§ **PROBLEM REQUIREMENTS**
Would you please repeat exactly the entries below, starting at the line with "企業の人財戦略の一環として、" and ending at the line with "从《龙的传人》到《天地龙鳞》", and nothing outside that range? Leave out the pictures.

[Stored data]
↓
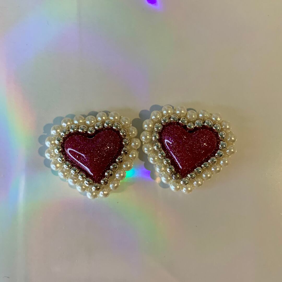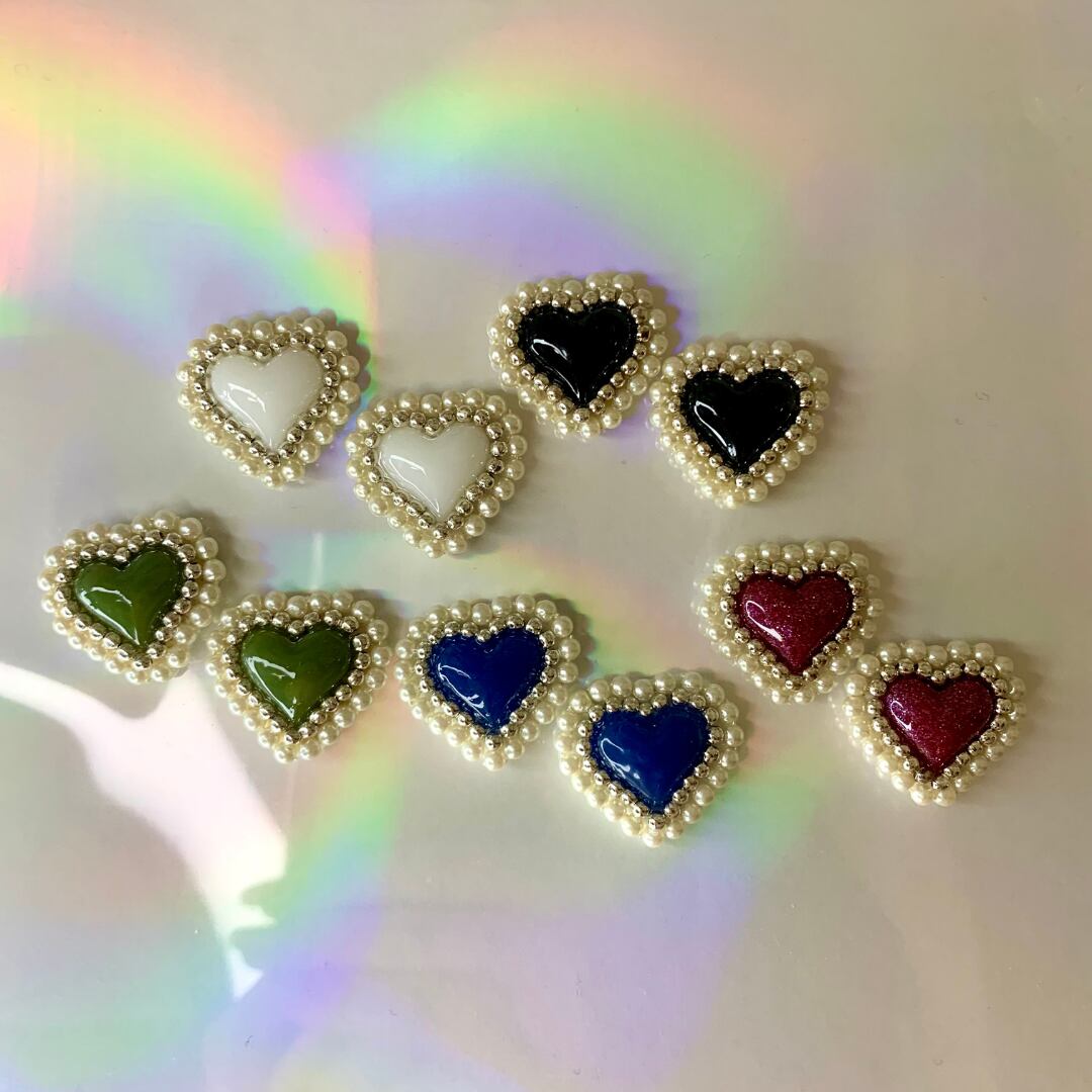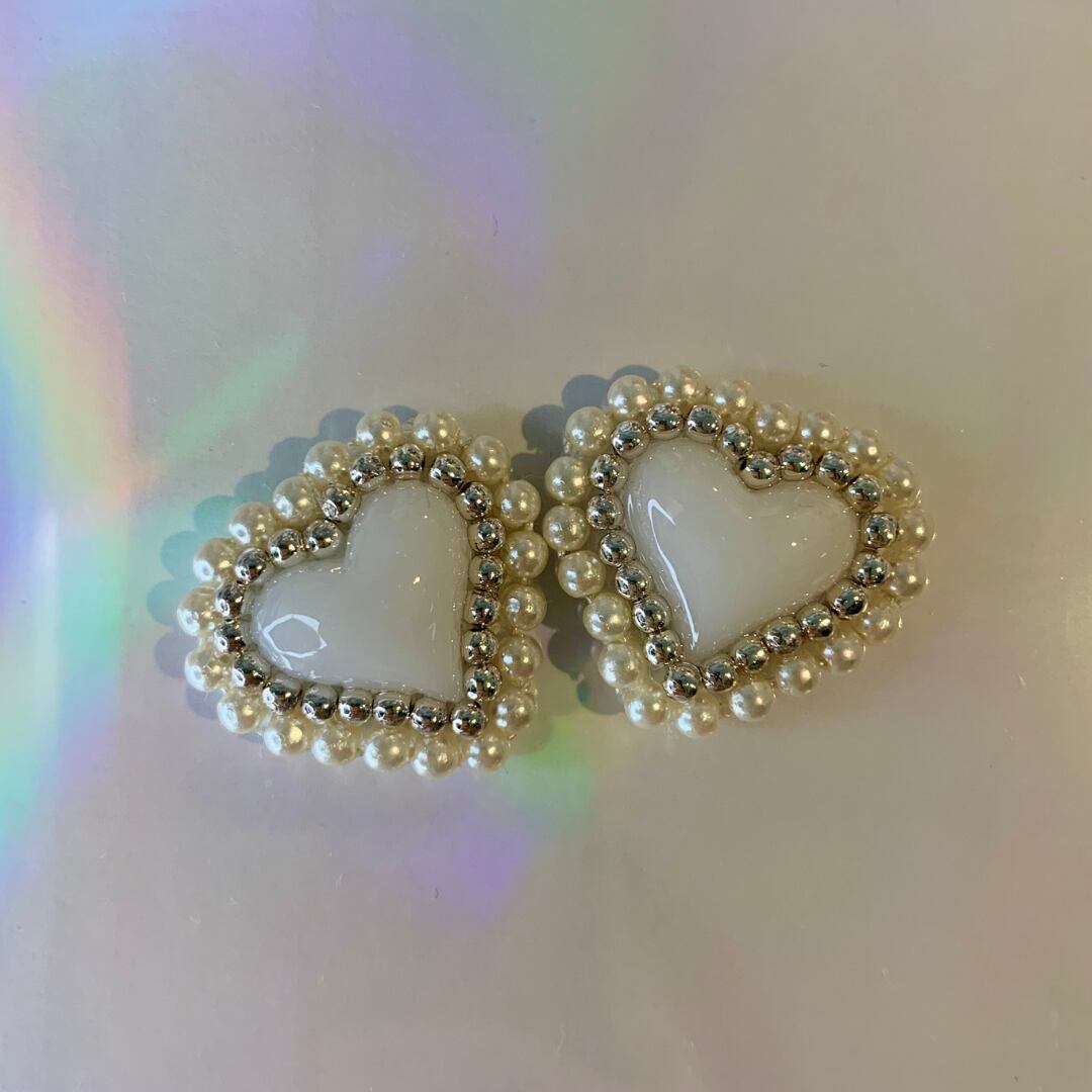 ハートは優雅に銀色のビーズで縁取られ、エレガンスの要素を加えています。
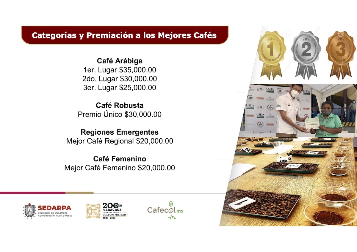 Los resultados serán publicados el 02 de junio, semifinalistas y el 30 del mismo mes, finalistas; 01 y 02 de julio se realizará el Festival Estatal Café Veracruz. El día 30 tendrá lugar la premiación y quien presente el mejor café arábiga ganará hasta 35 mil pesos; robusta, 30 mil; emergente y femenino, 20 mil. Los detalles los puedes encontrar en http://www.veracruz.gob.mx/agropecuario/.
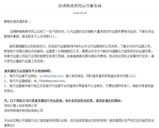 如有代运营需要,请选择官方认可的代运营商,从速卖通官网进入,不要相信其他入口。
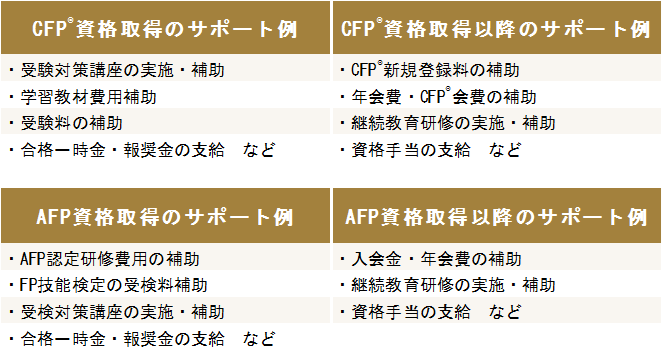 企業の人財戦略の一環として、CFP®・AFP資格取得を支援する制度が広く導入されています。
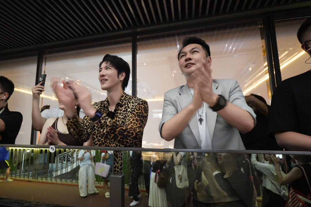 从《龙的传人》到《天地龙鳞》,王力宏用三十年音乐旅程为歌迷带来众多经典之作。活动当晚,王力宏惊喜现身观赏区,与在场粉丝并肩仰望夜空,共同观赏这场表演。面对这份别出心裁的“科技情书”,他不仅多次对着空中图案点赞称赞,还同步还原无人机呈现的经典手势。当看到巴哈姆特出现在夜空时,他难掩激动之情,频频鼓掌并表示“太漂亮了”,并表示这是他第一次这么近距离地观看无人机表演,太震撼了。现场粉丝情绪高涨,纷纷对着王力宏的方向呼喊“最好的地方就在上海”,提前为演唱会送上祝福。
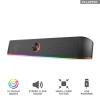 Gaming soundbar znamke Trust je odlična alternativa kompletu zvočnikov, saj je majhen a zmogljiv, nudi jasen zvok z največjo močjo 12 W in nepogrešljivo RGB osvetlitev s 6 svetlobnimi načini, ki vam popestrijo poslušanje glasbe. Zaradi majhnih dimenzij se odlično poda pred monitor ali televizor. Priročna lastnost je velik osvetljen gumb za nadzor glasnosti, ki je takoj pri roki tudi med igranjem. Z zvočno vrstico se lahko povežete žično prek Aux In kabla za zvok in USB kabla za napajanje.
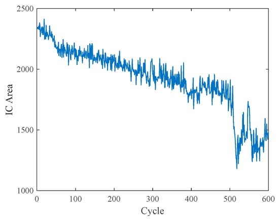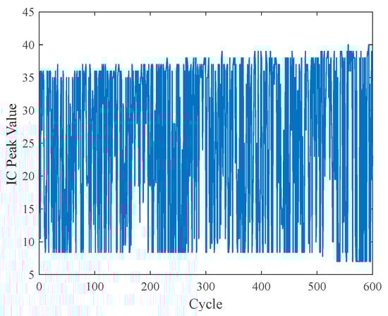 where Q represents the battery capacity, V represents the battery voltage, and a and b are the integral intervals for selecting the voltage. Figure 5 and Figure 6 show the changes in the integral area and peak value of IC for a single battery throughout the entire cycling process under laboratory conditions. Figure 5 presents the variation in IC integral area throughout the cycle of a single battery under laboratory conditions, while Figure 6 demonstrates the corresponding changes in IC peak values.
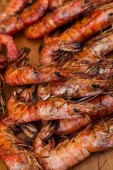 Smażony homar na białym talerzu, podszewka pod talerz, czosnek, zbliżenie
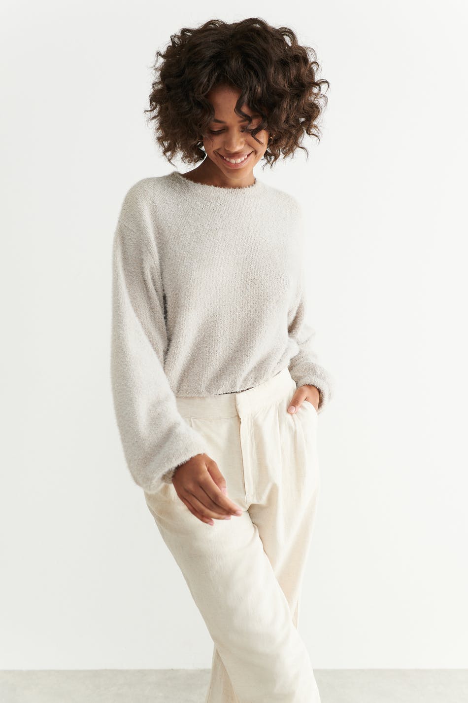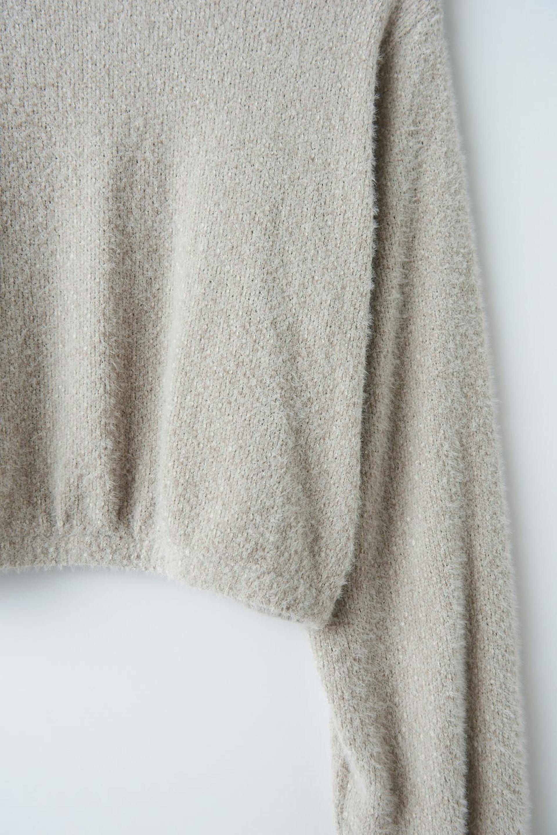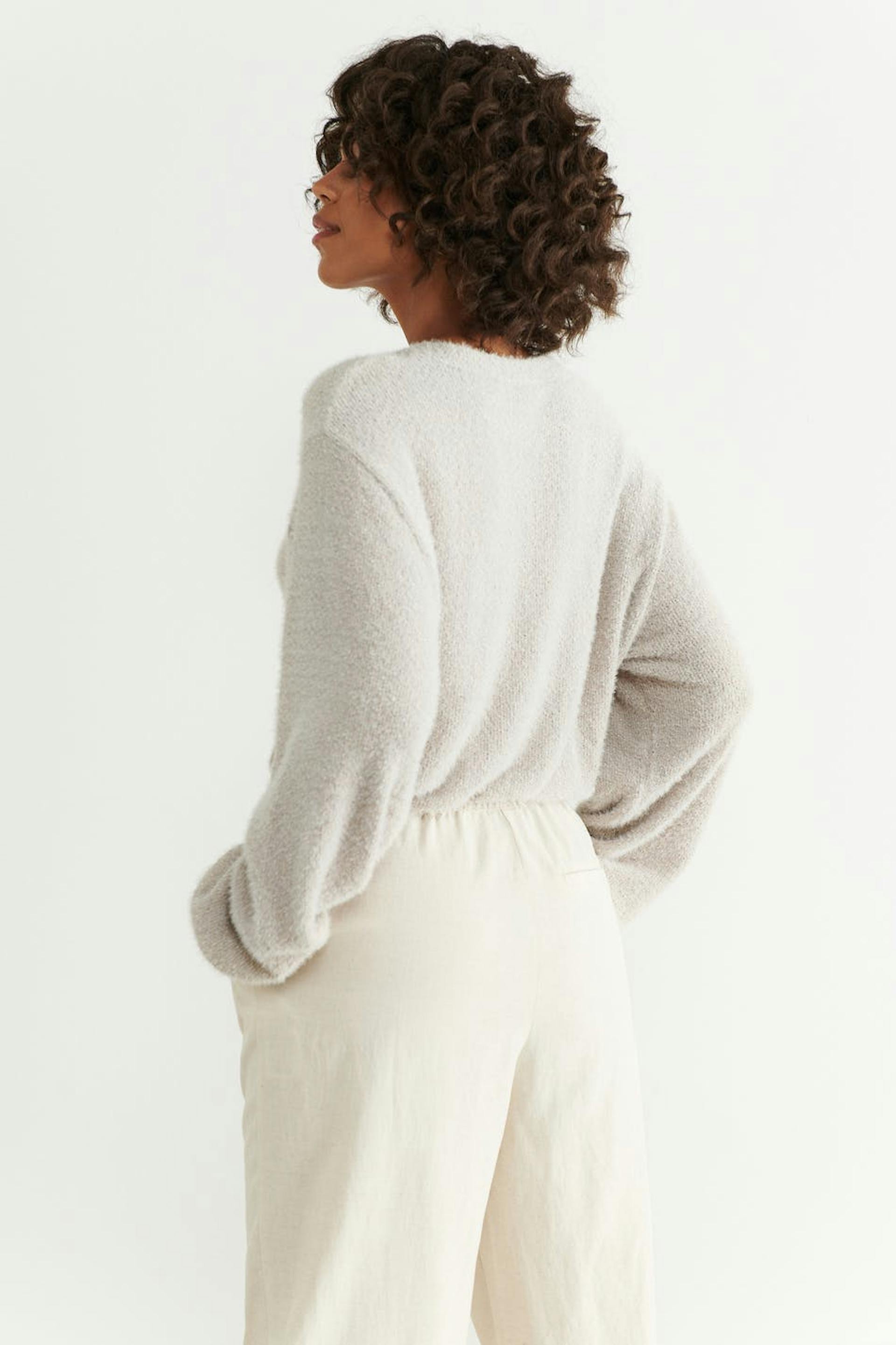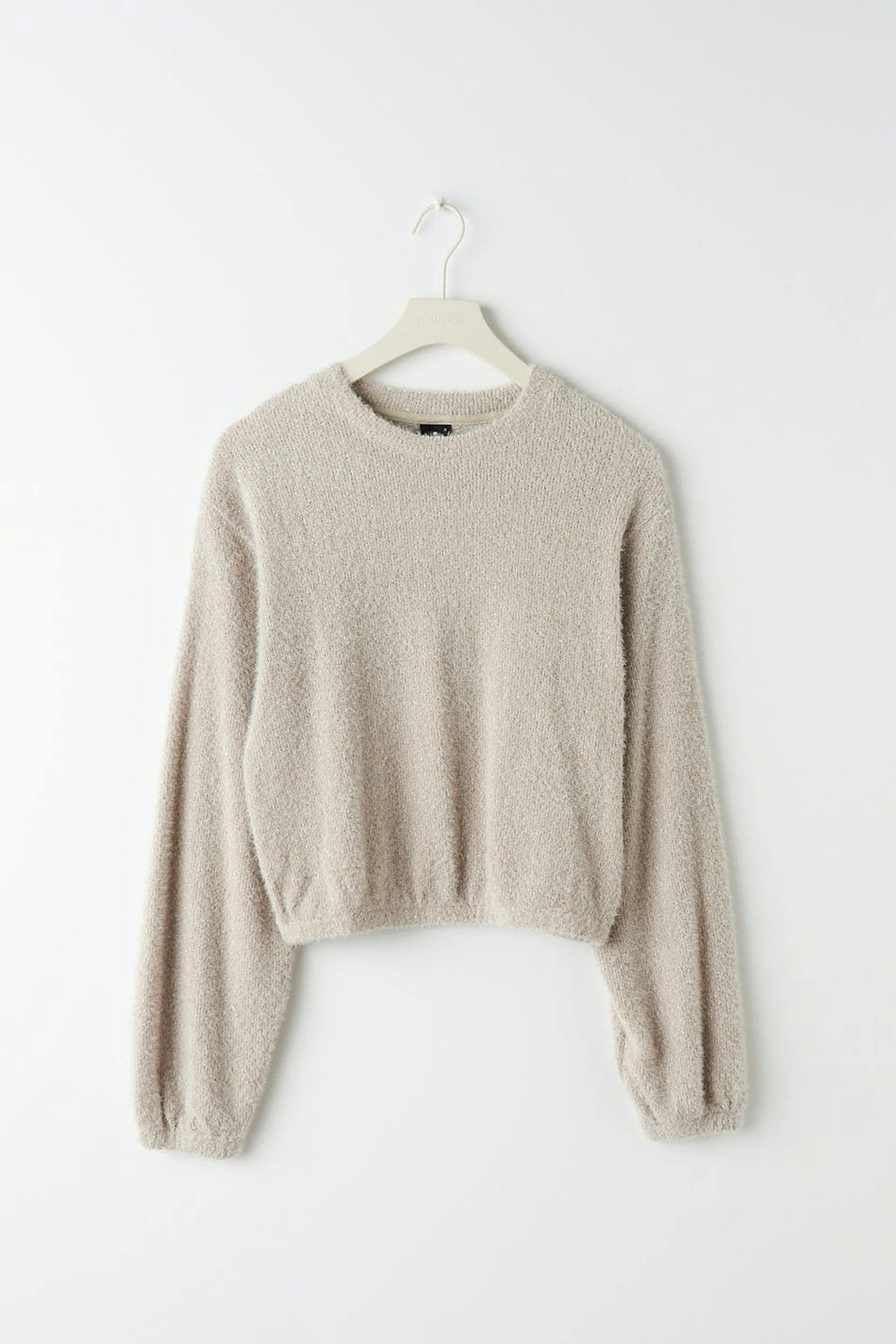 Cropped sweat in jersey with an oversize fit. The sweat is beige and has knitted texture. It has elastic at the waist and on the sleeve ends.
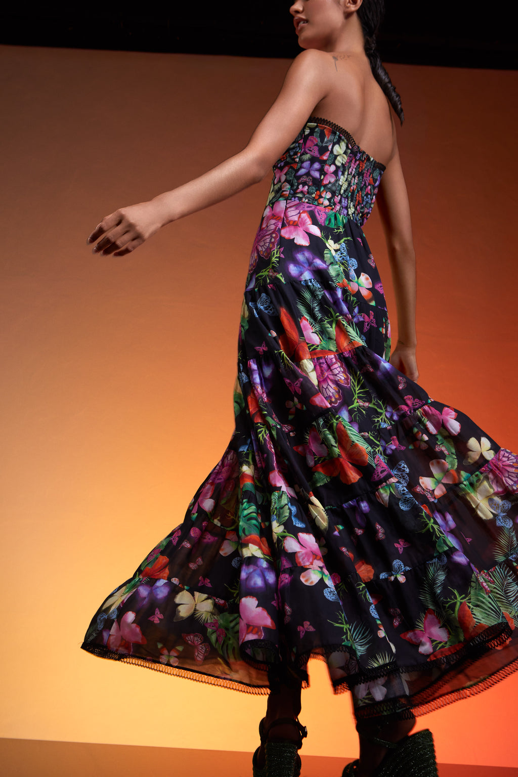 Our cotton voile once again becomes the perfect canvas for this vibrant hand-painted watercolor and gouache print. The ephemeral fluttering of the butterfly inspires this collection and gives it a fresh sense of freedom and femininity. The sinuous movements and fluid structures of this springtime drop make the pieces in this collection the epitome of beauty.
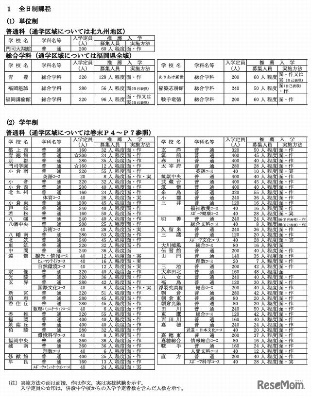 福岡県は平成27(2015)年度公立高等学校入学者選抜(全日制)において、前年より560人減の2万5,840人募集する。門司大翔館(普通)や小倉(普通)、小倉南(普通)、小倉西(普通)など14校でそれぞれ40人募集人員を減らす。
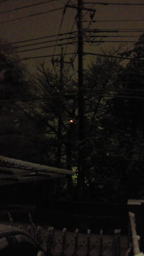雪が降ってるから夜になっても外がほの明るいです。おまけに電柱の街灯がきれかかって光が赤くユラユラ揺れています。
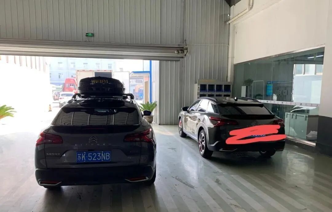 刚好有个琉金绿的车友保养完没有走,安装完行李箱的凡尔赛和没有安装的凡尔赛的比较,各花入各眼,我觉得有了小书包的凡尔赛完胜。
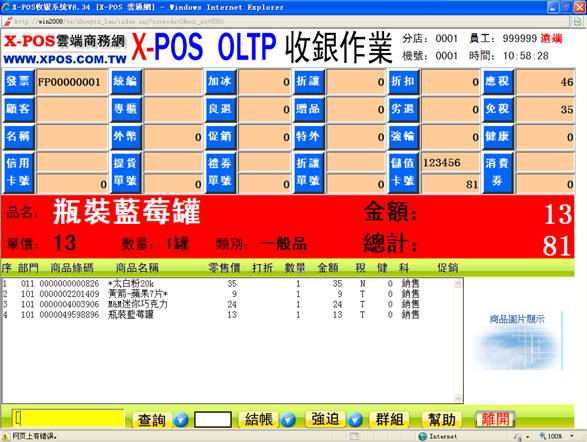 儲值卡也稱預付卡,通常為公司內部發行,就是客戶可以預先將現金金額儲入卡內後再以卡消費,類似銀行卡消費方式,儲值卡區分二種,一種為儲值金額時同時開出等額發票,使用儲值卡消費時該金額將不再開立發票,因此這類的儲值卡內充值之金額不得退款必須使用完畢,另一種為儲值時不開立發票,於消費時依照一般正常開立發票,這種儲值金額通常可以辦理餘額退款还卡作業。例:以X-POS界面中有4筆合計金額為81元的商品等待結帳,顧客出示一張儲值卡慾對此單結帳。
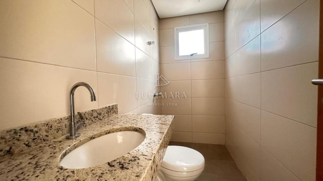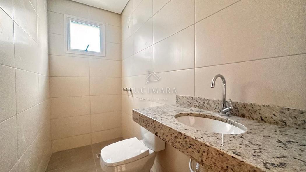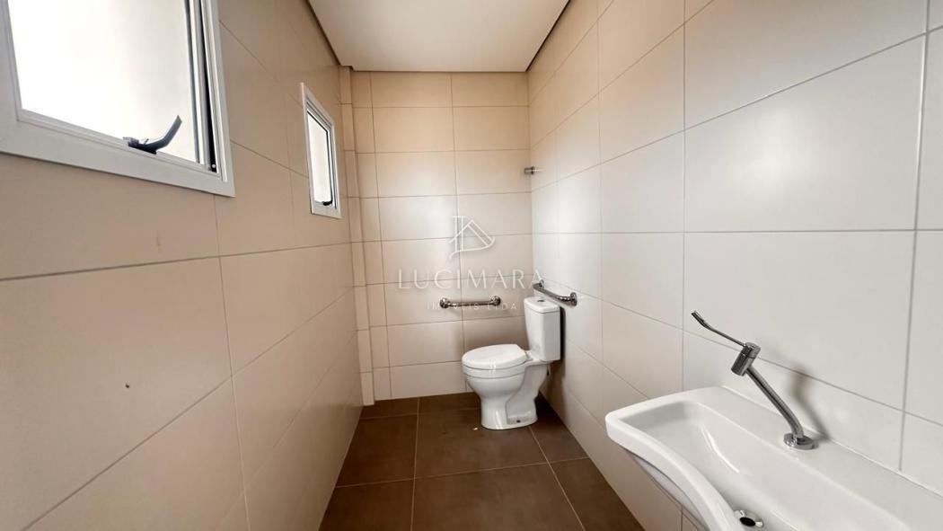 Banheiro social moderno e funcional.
↑
§ **ANSWER TO THE PROBLEM**
 企業の人財戦略の一環として、CFP®・AFP資格取得を支援する制度が広く導入されています。
 从《龙的传人》到《天地龙鳞》,王力宏用三十年音乐旅程为歌迷带来众多经典之作。活动当晚,王力宏惊喜现身观赏区,与在场粉丝并肩仰望夜空,共同观赏这场表演。面对这份别出心裁的“科技情书”,他不仅多次对着空中图案点赞称赞,还同步还原无人机呈现的经典手势。当看到巴哈姆特出现在夜空时,他难掩激动之情,频频鼓掌并表示“太漂亮了”,并表示这是他第一次这么近距离地观看无人机表演,太震撼了。现场粉丝情绪高涨,纷纷对着王力宏的方向呼喊“最好的地方就在上海”,提前为演唱会送上祝福。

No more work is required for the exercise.